In your copy, include every line of the listing below exactly but none of the pictures.

■ **COLLECTED MATERIAL**:
= = = = = = =

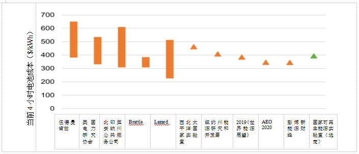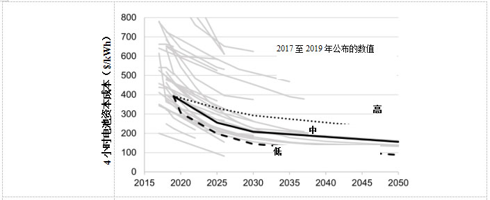 圖4.來自2018年或更晚發(fā)表的研究當前電池存儲成本
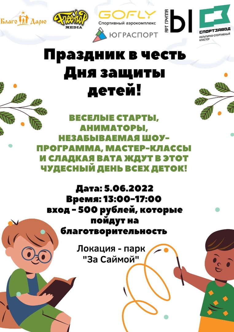В рамках праздника региональный благотворительный фонд помощи детям и молодежи с тяжелыми заболеваниями «Благо Дарю» проводит для детей и родителей увлекательное праздничное мероприятие. Всех желающих ждут веселые эстафеты, конкурсы, Шоу мыльных пузырей, Азотное шоу, мастер-классы, веломобили, аква-грим, сладкая вата, попкорн, яркие и веселые ведущие, много хорошей музыки и море подарков.
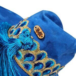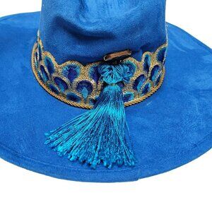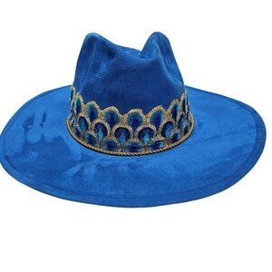 Peacock Royal Blue Velvet Cowboy Wide Brim Hat Tassel Embroidered Ribbon Band M

= = = = = = =

■ **EXPECTED ANSWER**:
 圖4.來自2018年或更晚發(fā)表的研究當前電池存儲成本
В рамках праздника региональный благотворительный фонд помощи детям и молодежи с тяжелыми заболеваниями «Благо Дарю» проводит для детей и родителей увлекательное праздничное мероприятие. Всех желающих ждут веселые эстафеты, конкурсы, Шоу мыльных пузырей, Азотное шоу, мастер-классы, веломобили, аква-грим, сладкая вата, попкорн, яркие и веселые ведущие, много хорошей музыки и море подарков.
 Peacock Royal Blue Velvet Cowboy Wide Brim Hat Tassel Embroidered Ribbon Band M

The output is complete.